Friday, December 30, 2011
Suggesting that it's not easy to replicate this is a gross understatement. Yet under the direction of Jim Mair these Kansas City Kansas Community College students get it done. Impressive.
Wednesday, December 28, 2011
*The Pitch reports that Ray Reed, a prominent figure on Kansas City's jazz scene for decades, has died.
*Harold O'Neal is the subject of an expansive NPR feature.
*Hearne Christopher's coverage of the situation at Jardine's continued here, here and here. Tony's Kansas City provides a related update here.
*The December 9 concert by the Black House Improvisors' Collective is available as a free download.
*The staff of the Blue Room aids a crime victim.
*Jazz figures prominently in Steve Paul's recap of 2011. Tim Finn notes the trend of jazz musicians collaborating with artists rooted in other genres.
*KC Metropolis previews a few upcoming jazz concerts.

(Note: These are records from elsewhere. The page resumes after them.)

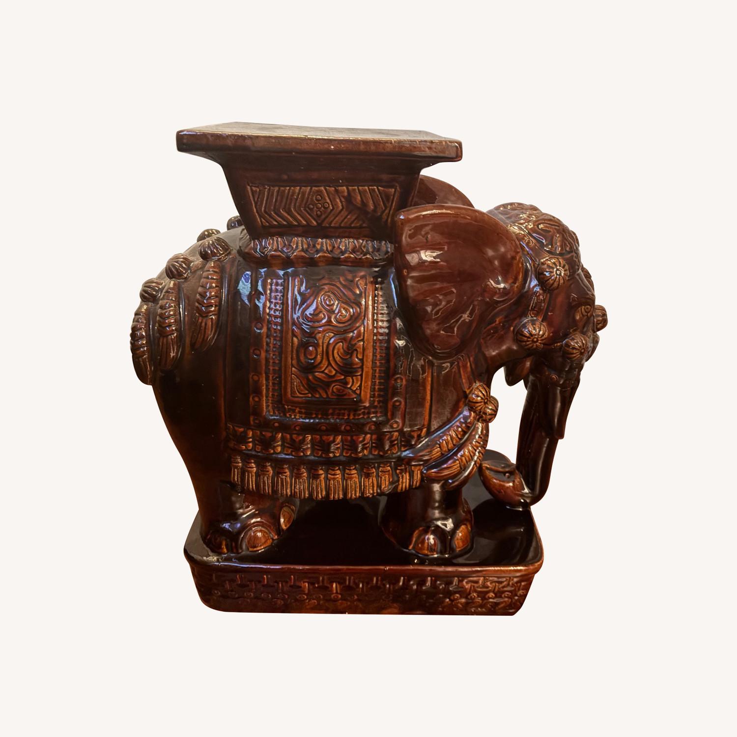 Seller's Notes:Set of two vintage elephant ceramic plant stands. One of the elephants has some discoloration/wear to the base of the stand. The other elephant has a small chip on the top of the stand/seat. Looking to sell as they no longer fit with my decor. Use as decorative pieces to book end an entryway table, bookcase, or fireplace. Can also be used outside or inside as plant stands! Height approximately 23 inches tall, 18 inches length, and 10 inches wide.
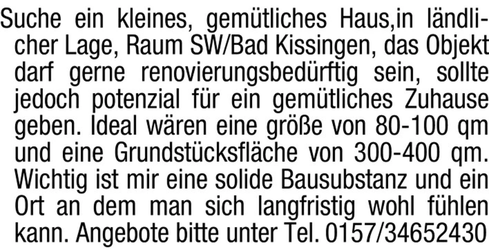 Suche ein kleines, gemtliches Haus,in lndlicher Lage, Raum SW/Bad Kissingen, das objekt darf gerne renovierungsbedrftig sein, sollte jedoch potenzial fr ein gemtliches Zuhause geben. Ideal wren eine gre von 80-100 qm und eine Grundstcksflche von 300-400 qm. Wichtig ist mir eine solide Bausubstanz und ein Ort an dem man sich langfristig wohl fhlen kann. Angebote bitte unter Tel. 0157/34652430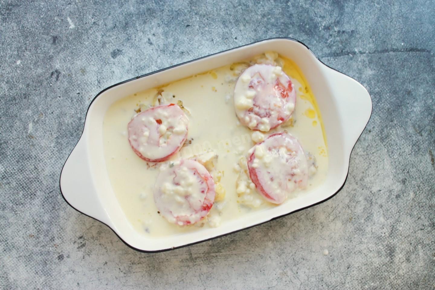 Залейте соусом рыбу с овощами, чтобы он попал под нее и пролил верх.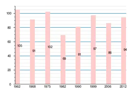 | 1962 | 1968 | 1975 | 1982 | 1990 | 1999 | 2006 | 2008 | 2011 | 2012 |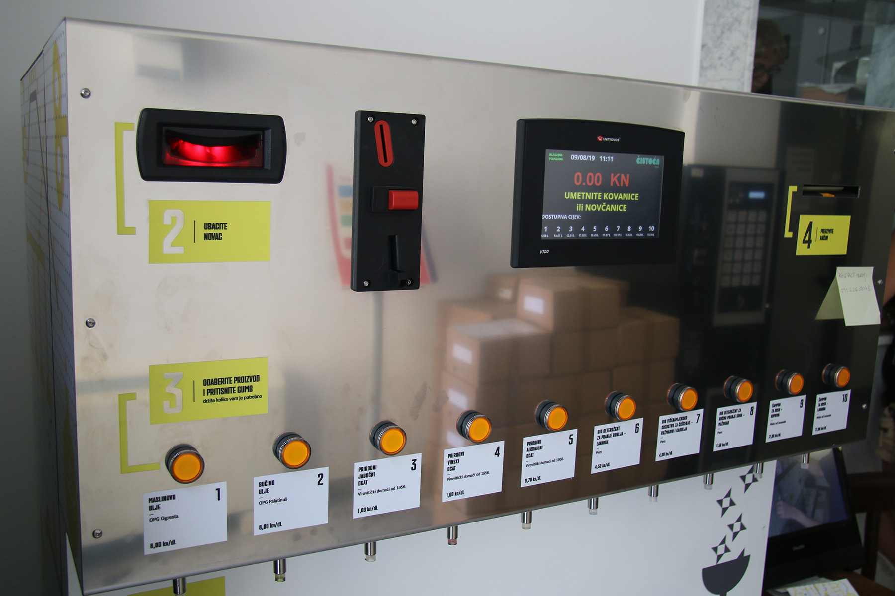 Koristeći bezambalažni samoposlužni aparat Bert, građani uz gotovinsko plaćanje mogu nabaviti prirodne i kvalitetne proizvode – ekstra djevičansko maslinovo ulje (80kn/L), bučino ulje (70kn/L), jabučni ocat (10kn/L), vinski ocat (10kn/L), alkoholni ocat (7kn/L), biodeterdžent za pranje rublja (45kn/L), biološko višenamjensko sredstvo za čišćenje (40kn/L), biodeterdžent za pranje suđa (35kn/L) te biošampon za kosu na bazi lavande (170kn/L), ali bez dodatne ambalaže, koju kupci donose sami.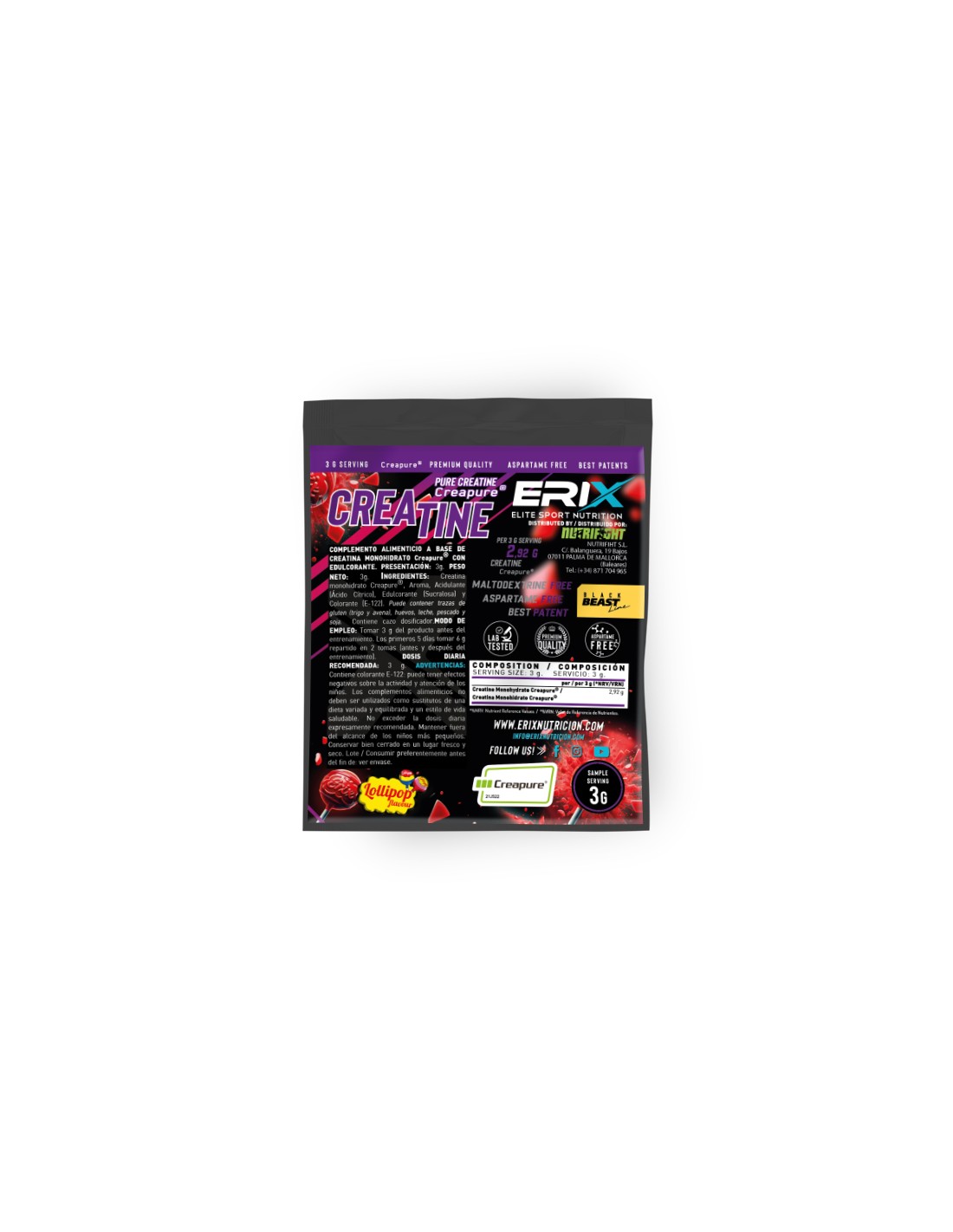 En Erix Nutrición hemos decidido formular una Creatina con los mayores estándares de pureza y calidad, siendo su ingrediente Creatina Creapure® y aromas. El sello Creapure® asegura que está fabricado con los mayores controles de calidad, proporcionando una creatina sin impurezas y de una calidad inigualable.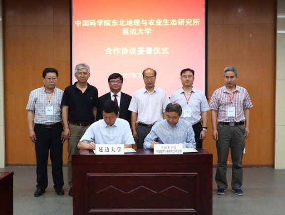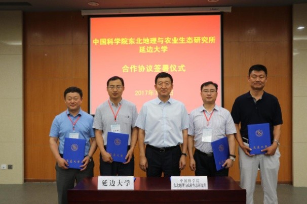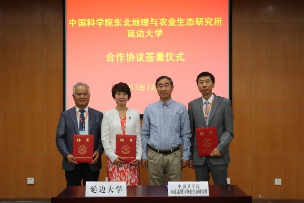 2017年7月1日,东北地理所与延边大学合作协议签署仪式在延边大学科技馆隆重举行。吉林省科技厅陈维友副厅长、基础处张危宁处长,延边大学金雄书记、陈铁副校长,东北地理所所长何兴元研究员、副所长张平宇研究员、黄铁青研究员和李秀军研究员等出席签署仪式。东北地理所所长何兴元研究员和延边大学党委书记金雄教授分别代表双方单位在合作协议书上签字。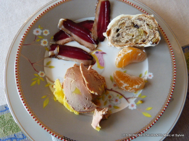 Ce jour là le foie gras était au rendez-vous et, autour de lui, du magret de canard, des clémentines et une tranche de pain ressemblant à du stollen.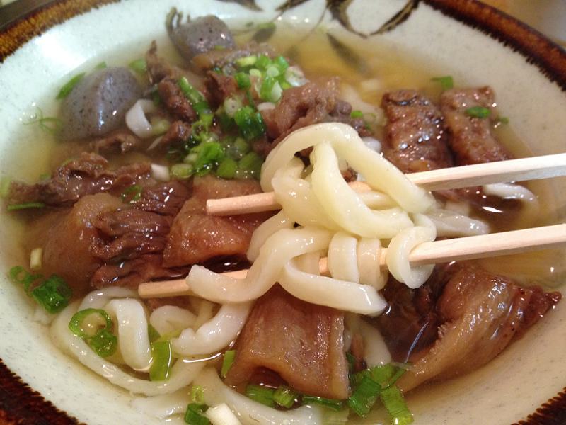朝早くからけっこうお客さんがいるなあ。まずは人気の牛すじうどん小380円を注文。ここは注文を受けてからうどんを茹でるので(朝だけ?)食べるまで時間がかかるが、逆に言うと茹でたてが食べられる。ナイス! 牛すじうどん、けっこう牛すじが多いし、うどんは捻じれが入っててコシもあり美味しい。いいお店だな~。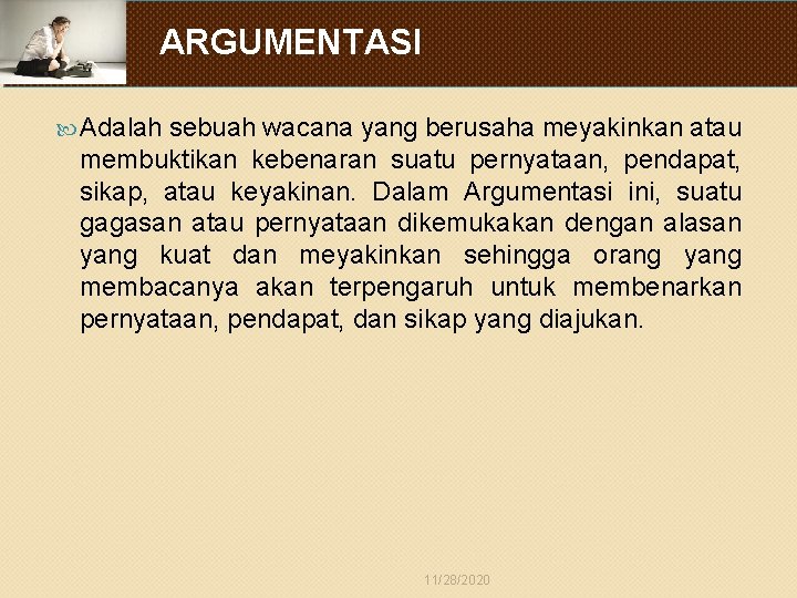 Untuk menyusun paragraf argumentasi yang padu dan baik, penting untuk memperhatikan struktur. Simpulan yang berisi harapan dapat . Tesis dapat diartikan sebagai pernyataan atau teori yang didukung oleh. Pernyataan argumentatif adalah pernyataan yang ditujukan untuk memungkinkan agar orang lain ingin mengubah pandangan dan keyakinannya . Definisi/arti kata 'argumentatif' di kamus besar bahasa indonesia (kbbi) adalah /arguméntatif/ a 1 memiliki (mengandung) alasan yang dapat dipakai sebagai.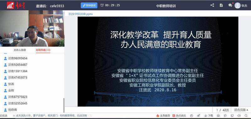开班仪式后,安徽省中职学校教师继续教育中心常务副主任、安徽工商职业学院副院长汪贤武教授作了“深化教学改革、提升育人质量,办人民满意的职业教育”的专题报告。疫情防控虽未结束,但远程直播教学为学员们开启了一条求知深造的途径,我校的培训安排和汪教授的讲座获得了学员们的高度赞誉。
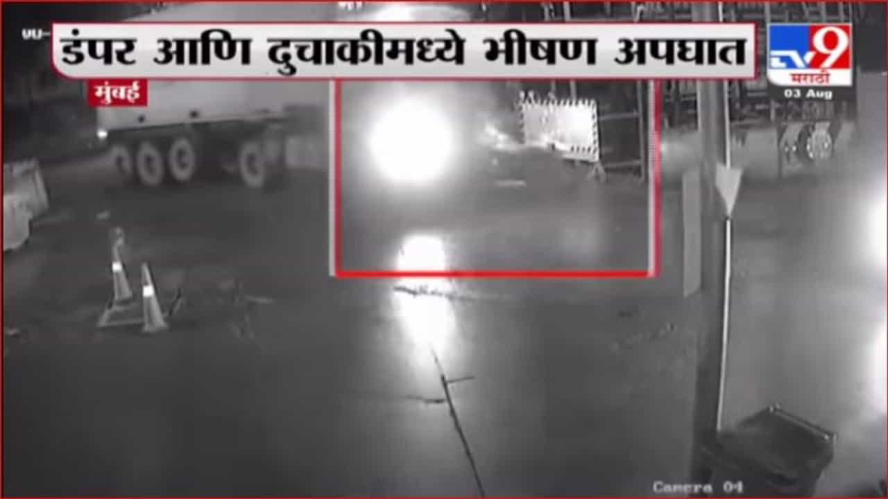 VIDEO: मुंबईच्या जेव्हीएलआर रोडवर भीषण अपघात; भरधाव वेगातील डंपरनं दुचाकीस्वाराला उडवलं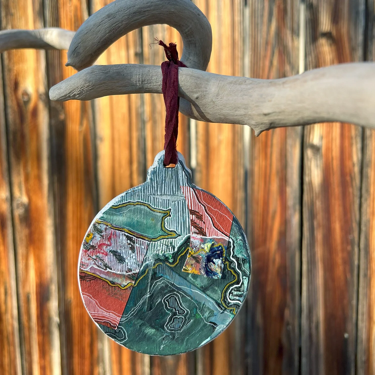 Created in the style of my Palette Cleanse Paintings, this ornament uses leftover paint from my glass palette. Colors are never consciously chosen by me, but rather by my putty knife’s swipe and the paint left behind from my canvas paintings.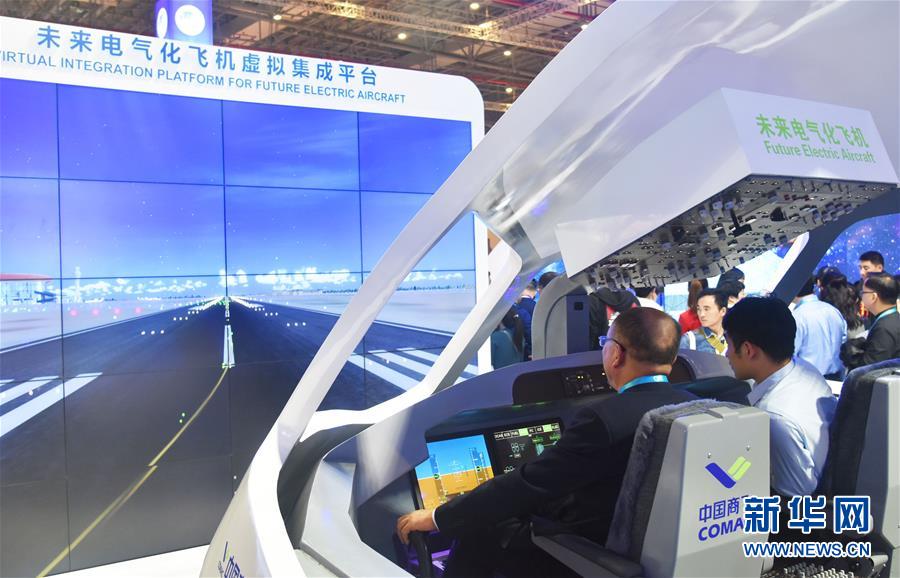 11月6日,在第二屆進博會中國館“創新中國”單元的未來電氣化飛機虛擬集成平臺,觀眾在體驗中國商飛大型客機模擬駕駛艙操作。 新華社記者 魏海 攝

*A New Orleans Style Jazz Funeral March will take place under the auspices of Occupy KC at noon on December 30 at 12th and Oak.
*The Magic Jazz Fairy returns to KCJazzLark.
*Melissa Treolo wrote a remembrance of Myra Taylor.
*John Bishop has died.
*Tweet o' the Week: GrunauerKC: Last minute NYE plans: Snuff Jazz, light appetizers & champagne toast in Vienna Zimmer only $20. 10p-1a. Tix available at Birdies or here.
(Original image by Plastic Sax.)
Monday, December 26, 2011
"Don't look any further," Louis Neal said as he introduced an interpretation of the Dennis Edwards hit during a November gig at the Blue Room. "You're listening to the best big band in Kansas City."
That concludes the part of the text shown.